Dead Bird Avian Flu Concept

Which bird species are super spreaders of avian influenza? New research from Tufts University offers details.

A new study from researchers at Tufts University details which species are super spreaders.

When it comes to avian influenza, more commonly called bird flu, all birds are not created equal.

“The scientific community has become accustomed to speaking about influenza viruses in birds as a group, but birds are an incredibly diverse taxa of animals with different natural history, physiology, and anatomy,” says Jonathan Runstadler, professor and chair of the Department of Infectious Disease & Global Health at Cummings School of Veterinary Medicine at Tufts University.

Runstadler is one of the authors of a new research study, published today (May 19, 2022) in the journal PLOS Pathogens, which takes a data-driven look at influenza viruses circulating among different groups of birds and characterizes which types of birds are involved in spreading the virus. The timing of this paper is impeccable, as a highly pathogenic strain of bird flu has been spreading across North America.

Great Horned Owl

During the current outbreak of highly pathogenic avian influenza, great horned owls are among the species that have tested positive. Pictured: a great horned owl is treated at Tufts Wildlife Clinic in 2019 (for injuries unrelated to avian influenza). Credit: Alonso Nichols/Tufts University

This lineage of bird flu originated around 1996 and was first found in a domestic goose in China. The virus mutated and persisted, and the first big wild bird outbreak happened around 2005 in a major wetland in central Asia. Subsequent changes in the virus led to a 2014 introduction to the U.S. via the Pacific Northwest, severely affecting the U.S. poultry industry and forcing the culling of about 40 million turkeys and chickens as a control measure.

Influenza A virus subtype H5N1 (A/H5N1) is a subtype of the influenza A virus that can cause illness in humans and many other animal species. A bird-adapted strain of H5N1, called HPAI A(H5N1) for highly pathogenic avian influenza virus of type A of subtype H5N1, is the highly pathogenic causative agent of H5N1 flu, commonly known as avian influenza or “bird flu.”

“It was a big blow,” says Nichola Hill, lead author of the paper and an assistant professor of biology at the University of Massachusetts Boston, who worked in Runstadler’s lab at Cummings School for nearly five years. “After it ended, we knew that we were between outbreaks and there was a high probability of an outbreak happening again. We felt we needed to look at long-term, historical data to find patterns and determine which birds are really driving the global spread. So we compared birds at a finer taxonomic scale than prior studies such as wild ducks, gulls, land birds, and geese versus domestic poultry like chickens, and we came up with some really interesting findings.”

Historically, ducks like mallards have been considered super-spreaders of avian influenza, infecting wild birds and backyard poultry alike, and Hill and Runstadler’s research found that to be broadly true. Dabbling ducks are powerful vehicles for spreading the virus and for the evolution of the virus in the wild bird reservoir. They can carry highly pathogenic strains and be completely asymptomatic, plus they swim and fly so they can move the virus in a variety of ways, including into local water bodies.

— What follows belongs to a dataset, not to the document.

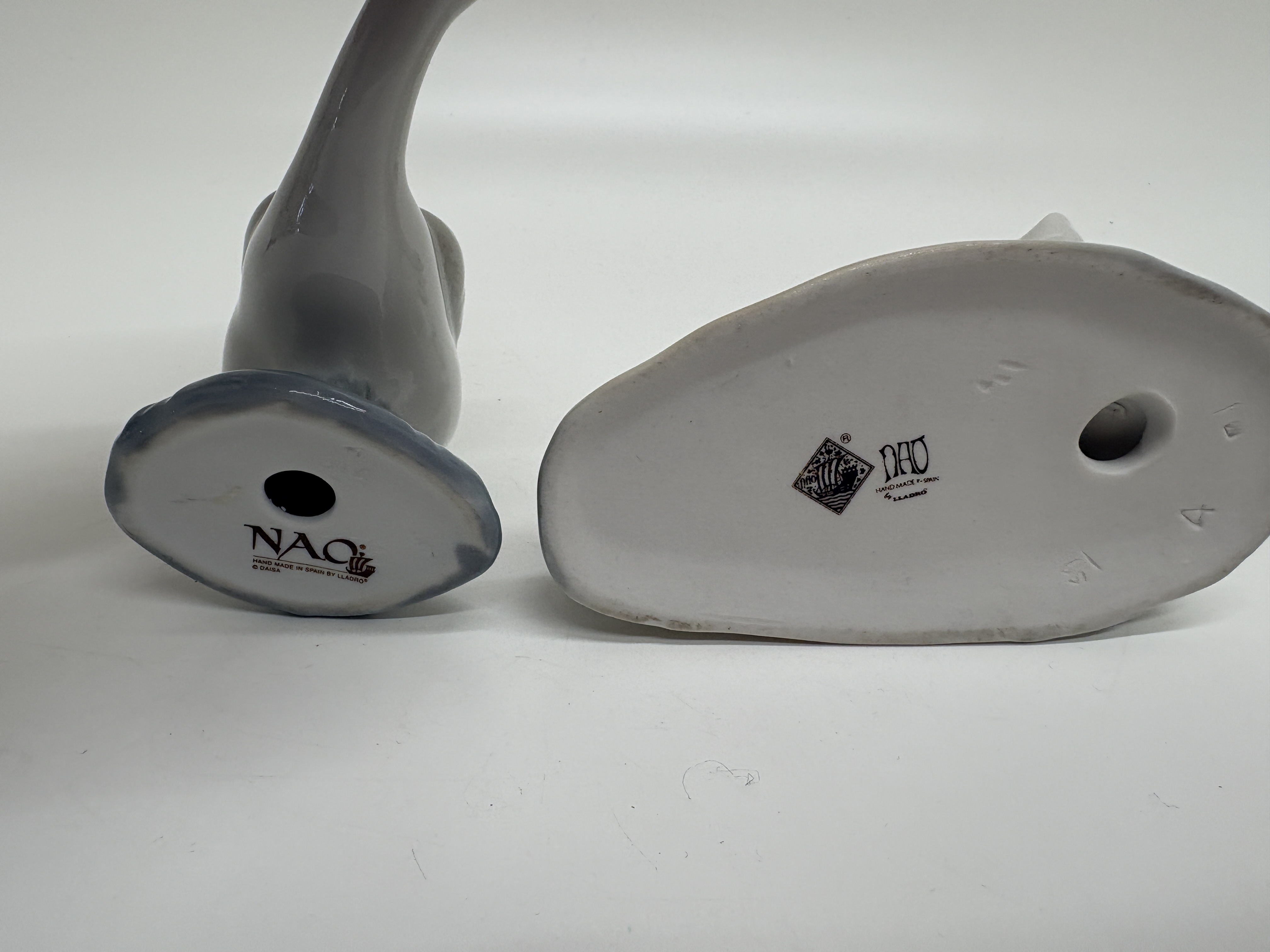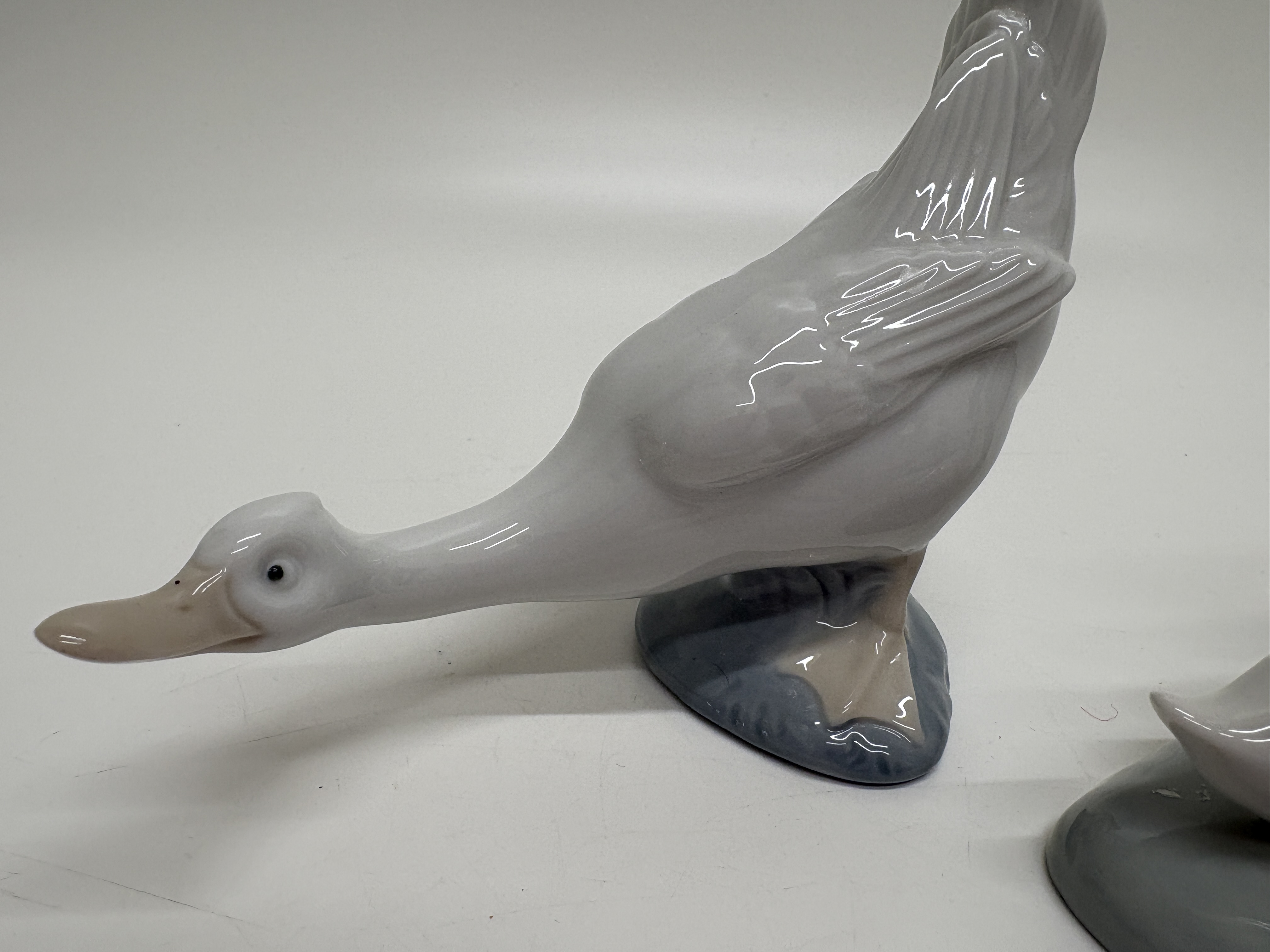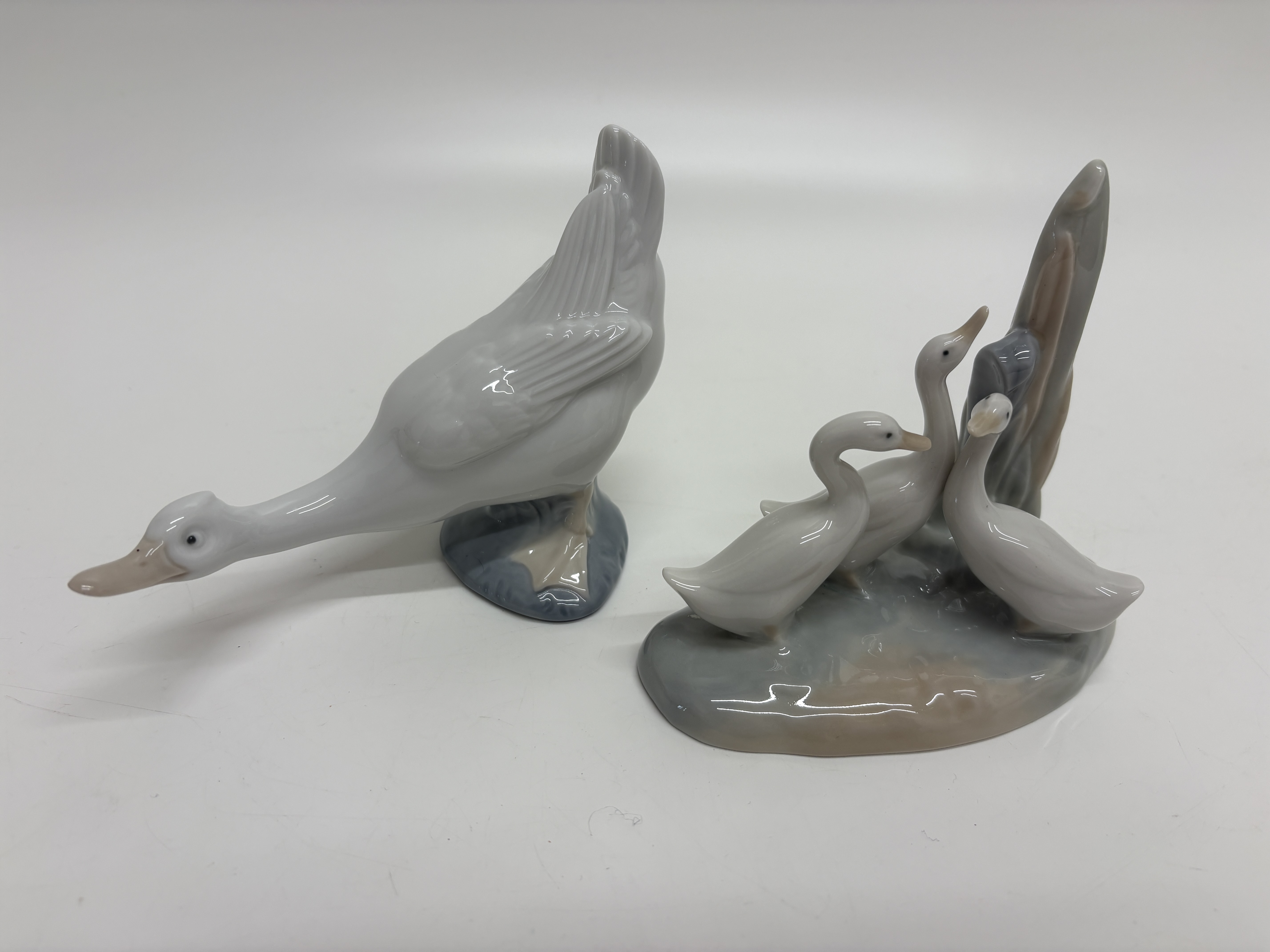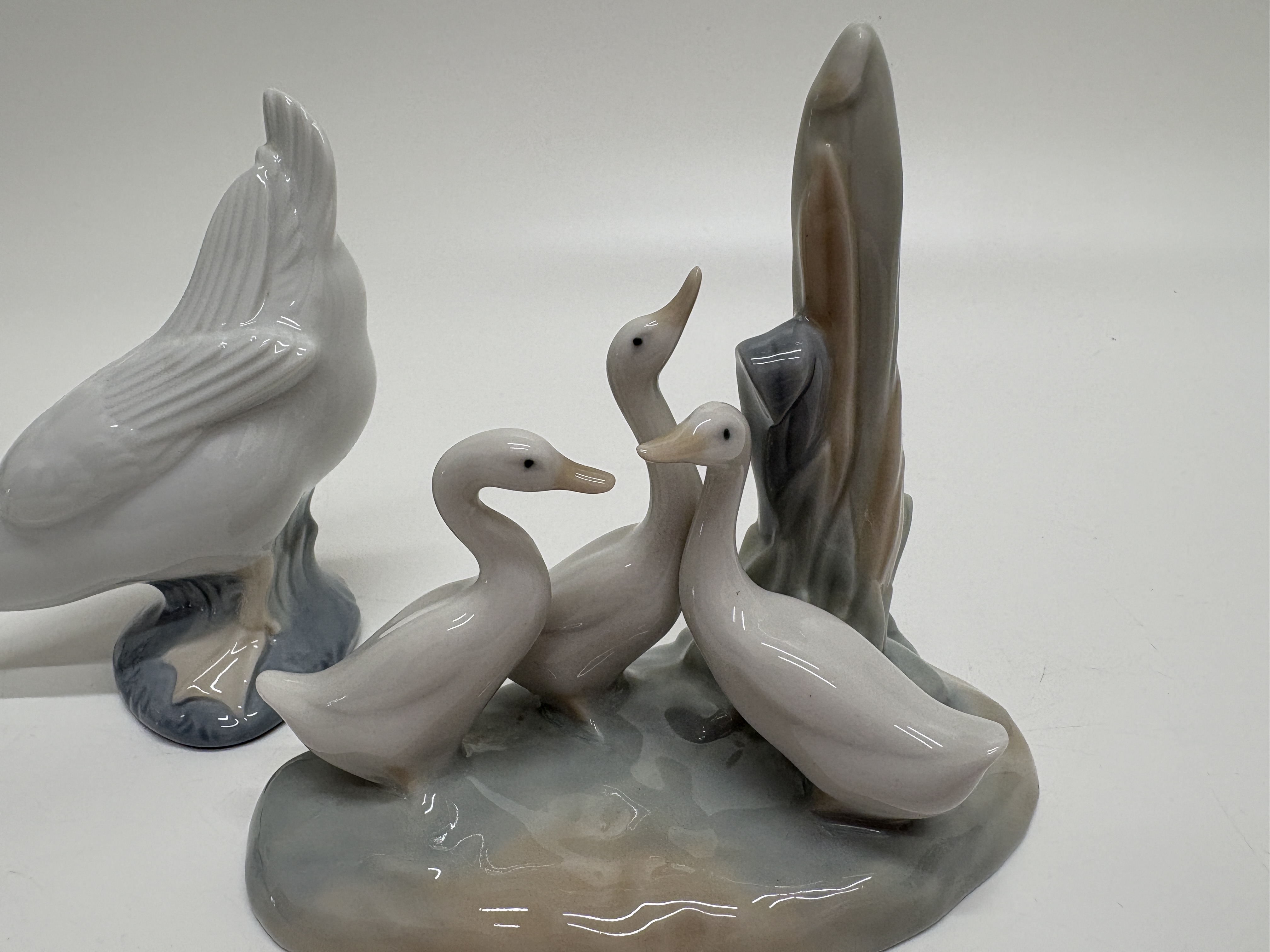 A set of two glazed porcelain bird figurines by NAO, a brand of the Lladró group. The first study depicts a single white goose in a dynamic, forward-leaning pose with its neck extended and head lowered, featuring delicate grey and blue shading and a pale peach beak. The second figurine depicts a group of three young goslings huddled together on a landscaped base with a vertical reed element, finished in glossy white with muted earth-tone washes to the base. Both items bear the printed NAO ship factory mark and HAND MADE IN SPAIN BY LLADRO to the underside. The gosling group also features impressed marks including 4 and S1. Height approx. 12cm.

But there are other birds that play a more substantial role in transmitting the virus. “When we looked at which birds were responsible for spillover into poultry, signs pointed to wild geese, which are really good at amplifying the virus,” Hill says. “We need to understand why in terms of their host pathology, immunity, behavior, and ecology.”

Western Sandpipers

A feeding frenzy of western sandpipers (Calidris mauri) during the mass migration via Cordova, Alaska – a key study site in the paper. Credit: Wendy Puryear

One ecological factor that may play a role is that geese are land grazers and thrive in cities and agricultural settings. Many goose species in North America and Europe are considered pests. “They really are the perfect spillover host because they can make use of human-altered habitat,” Hill adds.

Furthermore, understanding which birds drive long-distance spread may influence how or when the virus enters a new geographic region. For example, the 2014 outbreak entered the United States via the Pacific, likely carried by ducks, but the current outbreak moved in via the Atlantic, and ducks may not have been involved to the same extent.

“The first wild bird detections in 2021 were great black-backed gulls,” says Hill. “Gulls are strong, long-distance, pelagic fliers that take advantage of tailwinds to travel over ocean and move the virus very quickly.”

An outbreak of bird flu of this size and scale has never been seen before in North America. About 40 species of birds have become infected in the current North American outbreak, including…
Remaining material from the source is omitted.